Transgene silencing at the pericentromeres is associated with a transient ectopic kinetochore
Transcriptional silencing of URA3 at the C. albicans CEN core is known to facilitate CENPA binding (Thakur and Sanyal 2013). We wanted to examine the consequence of URA3 silencing in these pericentromeric insertions. ChIP experiments on the 5’FOA resistant colonies revealed that URA3 is significantly enriched with CENPA when cells were grown in CM+5’FOA than CM-Uri indicating that transcriptional repression of URA3 at pericentromeres favors CENPA binding in all the URA3 insertions which yielded the 5’FOA resistant colonies (Fig. 2 (top panel), Supplemental Figs. S2A, S2C). We did not observe this phenomenon in the far-CEN7 integrant (Supplemental Fig. S2B). We expressed Protein A-tagged Mtw1 (Supplemental fig. S3A), the Mis12 homolog in C. albicans, (Roy, Burrack et al. 2011) and detected its significant enrichment on URA3 in LSK437 (4L) and LSK440 (4R) indicating that URA3 can form an ectopic centromere (ecCEN) when minimally transcribed (Fig. 2, bottom panel). The overlapping CENPA and Mtw1 binding regions were limited to the repressed URA3 locus and did not extend to regions beyond it (Supplemental Figs. S3B, S3C).

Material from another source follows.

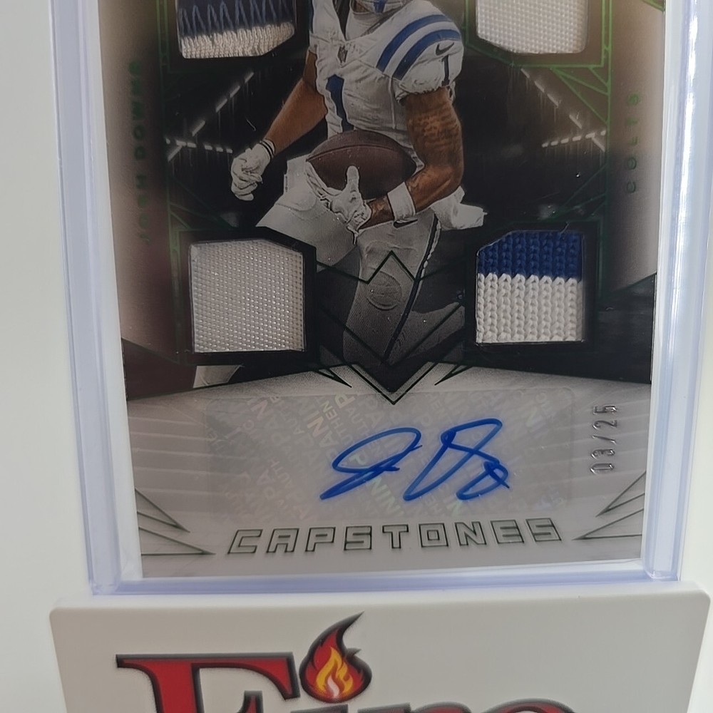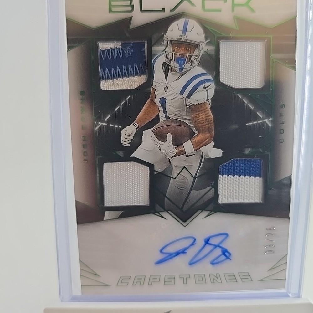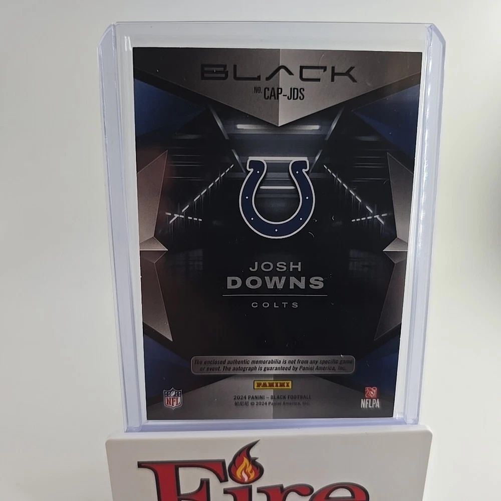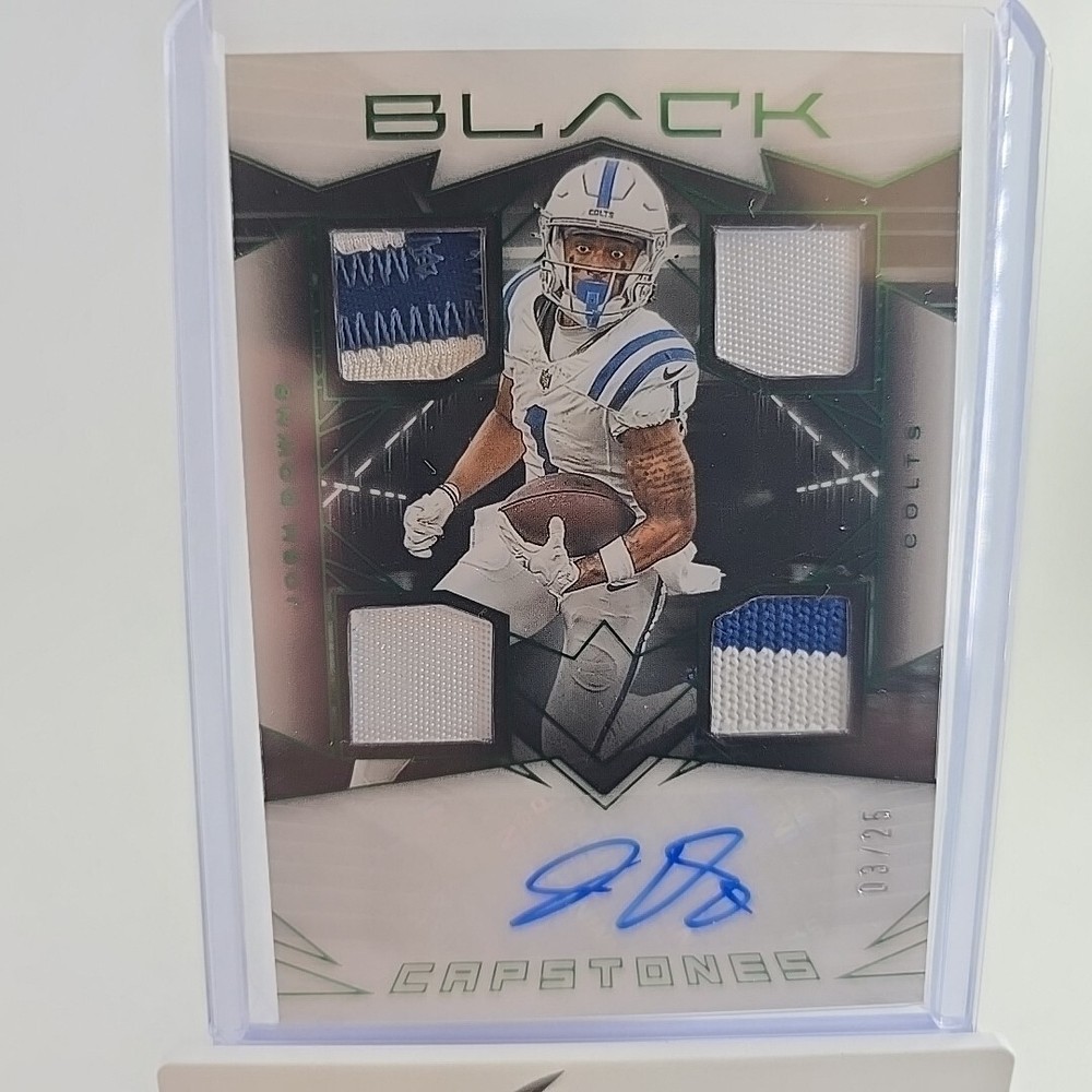 This is a 2024 Panini Black Emerald Capstones #CAP-JDS trading card featuring Josh Downs of the Indianapolis Colts. This autographed card is serial numbered 3/25 and includes four pieces of memorabilia. It is a limited edition Emerald insert from the Panini Black set, signed by Josh Downs. Great for any Colts fan or Nfl fan. Thank you for your interest, don't let it get away bid today!

We further wanted to determine whether ecCEN can be stably propagated through mitosis by withdrawing the selection. We serially passaged the initial 5’FOA resistant colonies from LSK404 (4L/4L::URA3) and LSK425 (4R/4R::URA3) in non-selective media (YPDU) for up to 20 generations (Supplemental Fig. S4A) (see Supplemental methods). We observed a gradual decline in the relative enrichment of CENPA at URA3 with every doubling and after ∼20 mitoses, the CENPA level was comparable to a state when cells were forced to express URA3 (in CM-Uri) (Supplemental Fig. S4B). Additionally, we observed that if at any stage of passaging in non-selective media (YPDU), these cells were regrown in presence of selection (CM+5’FOA), they could reassemble the CENPA associated ecCEN on URA3 (Supplemental Fig. S4C). Thus, transcriptional repression of a transgene within the 25 kb compact pericentromeric region favors the formation of a transient ectopic kinetochore.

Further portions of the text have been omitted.